Days at Mayo relived
Priyanka Singh
Tin Fish by Sudeep Chakravarti. Penguin. Pages 236. Rs 250.

TIN Fish is funny and it is sad. It makes you giggle with its boyish, and sometimes wry, humour. It takes you through the lows with pretty much the same intensity. Feelings run deep here, even as there is a conscious effort to camouflage emotions—a typical boy-doing-the-big-man act.

The book is about a bunch of thick friends at the prized Mayo College, each struggling to fit the Mayo bill and trying to take charge of their lives. So we have Barun Ray, aka Brandy, who is in love with an older Sophia girl; PT Shoe, a princeling who wants to marry a gora chick; Fish, an ace swimmer who wants to be on the Indian Olympic team and who is also in love with a Muslim, much against the wishes of his presumptuously arrogant father; and Porridge, caught between warring churches at home. The whacky boarding lingo, the boyish Rajputana bravado, adolescent curiosities and rivalries, barmy obsession with anything girl, classroom goings-on and socials are fun, but the mood on the campus undergoes a profound transformation following the death of Brandy’s mother and Fish’s suicide. Their fishbowl existence is shaken and they wake up to the reality of the unsheltered world.

Life alters for Brandy, who is filled with simmering anger following his mother’s death. He grows apart from his father and sister, but sees fresh hope in the older Samira. Fish knows he would never be allowed to chase his dreams and commits suicide while acting in a school play. Sudeep handles the grisly episode with sensitivity and the emotions that run through Fish’s friends and mother are poignant.

The sudden deaths in a short span unhinge Brandy. The attempt at stolidity is empathetic and the support of friends is touching.

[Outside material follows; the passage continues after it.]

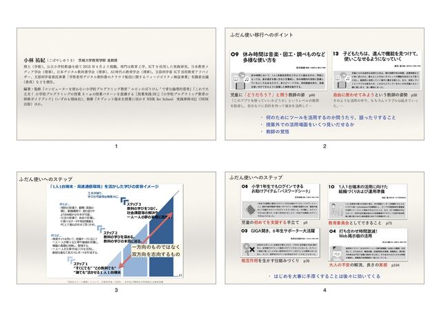 ࣌ͷڭҭֶձཧࣄɺຊڭ ҭֶڠձཧࣄɻจ෦ՊֶলʮσδλϧڭՊॻͷޮՌɾӨڹʹؔ͢Δ࣮ূݚڀࣄۀʯ༗ࣝऀձٞҕһɻઐڭҭ ֶɺڭҭϝσΟΞֶɺίϯϐϡʔλར༻ڭҭֶɺڭՊڭҭֶɺ૯߹తֶशڭҭֶͳͲɻ मʰใϦςϥγʔܒൃͷͨΊͷཏ൫ʱ ʢϥοΫʣ ɺ ʰใϦςϥγʔܒൃͷͨΊͷཏ൫ɹใ׆༻ฤʱ ʢϥοΫʣ ɻ ஶॻʰ*$5 ΛͬͯΈΑ͏ʂʵࠓٻΊΒΕ͍ͯΔֶྗΛʹ͚Δखஈͱͯ͠ʱ ʢେຊਤॻʣ ɺ ʰجૅ͔ΒֶͿύιί ϯʵ͘͠Έ͔Βσʔλղੳ·Ͱʵʱ ʢڞཱग़൛ʣ ɺ ʰσδλϧڭࡐͰཧՊ͕มΘΔʵतۀͮ͘Γࣄྫूʵʱ ʢ͗ΐ͏͍ͤʣ ΄͔ɻ খྛ༞لʢ͜͠Ώ͏͖ʣ ɹҵେֶڭҭֶ෦।ڭत ത࢜ʢֶज़ʣ ɻެཱখֶߍڭ་Λܦͯ ݄ΑΓݱ৬ɻઐڭҭֶɺ*$5 Λ׆༻࣮ͨ͠ફݚڀɻຊڭҭϝ σΟΞֶձʢཧࣄʣ ɺຊσδλϧڭՊॻֶձʢཧࣄʣ ɺ"* ࣌ͷڭҭֶձʢཧࣄʣ ɻจ෦Պֶল*$5 ׆༻ڭҭΞυόΠ βʔɺจ෦Պֶলҕୗࣄۀʮֶशऀ༻σδλϧڭՊॻͷΫϥυ৴ʹؔ͢ΔϑΟʔδϏϦςΟݕূࣄۀʯ༗ࣝऀձٞ ʢҕһʣͳͲΛྺɻ ฤஶɾमʰίϯϐϡʔλʔΛΘͳ͍খֶߍϓϩάϥϛϯάڭҭl ϧϏΟͷ΅͏͚Μ z ͰҭΉཧతࢥߟʱ ʰ͜ΕͰେ ৎʂখֶߍϓϩάϥϛϯάͷतۀ ʴЋͷतۀύλʔϯΛҙࣝ͢Δʦतۀ࣮ફ ʧ ʱ ʰখֶߍϓϩάϥϛϯάڭҭͷ ݚमΨΠυϒοΫʱ ʢ͍ͣΕᠳӭࣾʣ ɺࣥචʰλϒϨοτΛतۀʹ׆͔͢/),GPS4DIPPMɹ࣮ફࣄྫ ʱ ʢ/), ग़൛ʣ΄͔ɻ ˙ 1BSUɹΤϐιʔυฤɹࣥච ळݩେี ધڮࢢཱᷤ০খֶߍɹߍ ൧ా३Ұ ۚࢢཱຊখֶߍɹڭ་ Ҫ্࢙ ඣ࿏ࢢཱ๛খதֶߍɹڭ಄ Ҫ্Ղঘ ඣ࿏ࢢཱ๛খதֶߍɹڭ་ ӓҪӳ ಹՑࢢڭҭҕһձɹ෭ࢀࣄ݉ࢦಋࣨ ా ͭ͘ࢢཱޗ࠺খֶߍɹڭ་ Ԭాܙඒ Ճࢢཱொখֶߍɹڭ་ খ߁ฏ ͭ͘ࢢཱޗ࠺খֶߍɹڭ་ දٱඒࢠ খদࢢڭҭݚڀηϯλʔɹॴ זࡔߒً ඣ࿏ࢢཱ๛খதֶߍɹڭ་ ཅࢠ ۚࢢཱখֶߍɹڭ಄ ࠇӋྒ ಹՑࢢཱ๕খֶߍɹڭ་ ܊࢘ ւಓڭҭେֶෟଐവؗதֶߍɹڭ་ ࡖতത খࠃொཱখࠃখֶߍɹߍ ᓎҪݩଠ ۚࢢཱेҰখֶߍɹڭ་ ࠤ߳ಸ ͭ͘ࢢཱޗ࠺খֶߍɹڭ་ ࠤ՚ࢬ খদࢢཱদ౦ΈͲΓֶԂɹڭ་ ࠤ৳໌ ദࢢཱखլ౦খֶߍɹߍ ࢛ํߤฏ ͭ͘ࢢཱޗ࠺খֶߍɹڭ་ ന㚁 ਸ਼थ ּؒࢢּཱؒதֶߍɹڭ་ ৽୩ढ़྄ ྠౡࢢཱொখֶߍɹڭ་ ∁দ߶ ਫށࢢڭҭҕһձɹࢦಋओࣄ ཱੴتඒࢠ ֶߍ๏ਓֶӃֶӃখֶߍɹڭ་ ాத༃ߒ ٢ࢢཱՏখֶߍɹڭ་ ۄ༏ే ٱتࢢཱଠాখֶߍɹڭ་ Լ උલࢢཱ߳ొখֶߍɹڭ་ ࣌݉लॆ चऱࢢٰཱதֶߍɹߍ த༸ࢠ খদࢢڭҭҕһձɹࢦಋओࣄ தఉҰढ़ ಹՑࢢڭҭҕһձɹࢦಋओࣄ Ӭ ٱتࢢཱଠాখֶߍɹڭ་ Ӭ٢༐ ೳඒࢢཱؾখֶߍɹڭ་ ే ٱتࢢཱଠాখֶߍɹڭ་ ڮຊॱಙ ҵࢢཱฏׁখֶߍɹڭ་ ౦ਗ਼ਔ ԣࢢཱখֶߍɹओװڭ་ Ұ࠸ ُԬࢢΈΒ͍ڭҭϦαʔνηϯλʔɹࢦಋओࣄ ʢ࣮ફ࣌ɿُԬࢢཱ౦ผӃখֶߍڭ་ʣ ߂ҁ೫ ͭ͘ࢢཱޗ࠺খֶߍɹڭ་ ኍాܙࢠ খদࢢཱদ౦ΈͲΓֶԂɹߍ ాߊ ۚେֶෟଐখֶߍɹڭ་ ౻ా࢜ ҵݝཱڠಛผࢧԉֶߍɹڭ་ ඌঘࢤ ژࢢཱീখֶߍɹߍ ᣕՙ୩ҥཬಸ খদࢢཱූখֶߍɹڭ་ ҆Ҫथ ࡳຈࢢཱຈখֶߍɹڭ་ ༄ڮѯ ͭ͘ࢢཱޗ࠺খֶߍɹڭ་ ࢁதতַ ֶߍ๏ਓࠤ౻ӫֶԂ͞ͱֶ͑Ԃখֶߍɹڭ་ ࢁຊ७ ٱتࢢڭҭҕһձɹࢦಋओࣄ ٢७ฏ ͭ͘ࢢཱޗ࠺খֶߍɹڭ་ GIGA_3rd.indd 141 22/01/17 20:37 1 ࣇಐʹʮͲ͏ͩΖ͏ʁʯͱ͏ڭࢣͷ࢟ɹQ ʮ͜ͷΞϓϦΛ͍͍͔ͬͯͲ͏͔ʯͱ͍͏Ϩϕϧͷ࣭ Λ٫͠ɺࣗͳΓʹతΛ࣋ͬͯΛ׆༻ͯ͠ʜ ࣗ༝ʹΘͤͯΈΑ͏ͱ͍͏ڭࢣͷ࢟ɹQ ͦͷΑ͏ͳ׆༻ͷதͰɺͪΖΜτϥϒϧى͖͍ͯͬ ͨɻʜ w ԿͷͨΊʹπʔϧΛ׆༻͢Δͷ͔͏ͨΓɺޠͬͨΓ͢Δ͜ͱ w तۀ֎Ͱͷ׆༻໘Λ͍ͭ͘ݟ͍ͩͤΔ͔ w ڭࢣͷ֮ޛ ;ͩΜ͍ҠߦͷϙΠϯτ 2 َ1য1ഈଜ؞ৈசৢਦ୭ُ॑ણऊखञ৾लभઍॖওش४ 岲峚... 嵣৶ఐ峘౸峑岝௴嵣ৰୡ峘 峕岝୶峑岝ஷ峴ନ峴峮 峲峴岷峫岵峔ীෲ岶૭ચ岞 嵣ভ峘౸峑岝ঽ峑ઽૐ峁 峉ر峔崯嵤崧峮ੲਾ峼 PC峑峗়峹峅峐岹ীෲ岞 崡崮崫崿ڭ n峃岺峕峑峬||峓峘ઇఐ峑峬| nၴ峑峬|ણ岵峅峵ڭযڭഈଜ 崡崮崫崿ڮ ઇఐ峘৾峝峼峫峵岞 ઇఐ峘৾峝峘মସ峕峵岞 崡崮崫崿گ ઇఐ峘৾峝峼峎峔岺岞 ভୖಉ峘ੰৠ峮 যয峘ต峘ৰਠ峕ણ岵峃岞 岲峚... 嵣ਫ਼ด崝崌崰峼৷岮峐岝౸崮嵤嵆峕ૢ峂峐 যয岶ر峔ધฆ峮峼ઽૐ峁岝 ੲਾ峘ઌᑌ峼ਖ਼峁岝ତ৶峃峵岞 嵣যয岶ધฆਛ崥崽崰峼ણ৷峁岝 ᤓ峼峗峐শધ峘嵔嵅嵤崰峼ਛ峃峵岞 ੵઃਸ਼峑岝 ৾峝峘૭ચਙ峙૮প峕岞 15 ʮ(*("εΫʔϧߏʯʹ͍ͭͯɼจ෦Պֶলʢʣɺҹٴͼബԫ৭ͷ࢛֯෦චऀՃච ;ͩΜ͍ͷεςοϓ ҰํͷͷͰͳ͘ ํΛࢤ͢Δͷ 3 ;ͩΜ͍ͷεςοϓ ࣇಐͷॳΊͯΛࢧԉ͢ΔखཱͯɹQ ૬ޓ࡞༻Λੜ͔͢Έͮ͘ΓɹQ େਓͷෆ҆ͷղফɺྑ͞ͷ࣮ײɹQ ڭҭҕһձͱͯ͠Ͱ͖Δ͜ͱɹQ w ͡ΊΛେࣄʹखް͘͢Δ͜ͱޙʑʹޮ͍ͯ͘Δ 4

A Mayoite himself, Sudeep has worked on the Asian Wall Street Journal and India Today and is a columnist. His Tin Fish is a sort of book that takes you back to your boarding days. It took me to mine. When you reach the end, the book disappoints, but only because you wish it hadn’t finished yet. There is so much more to know about Brandy and his chums. You are left wondering if life treated them kind and if they lived out their dreams and friendship. Sudeep rewinds your childhood and makes you relive its uninterrupted joys and its turbulence. His manner is lucid and he is a natural storyteller. As the Mayo boys would say: it is a breeze book.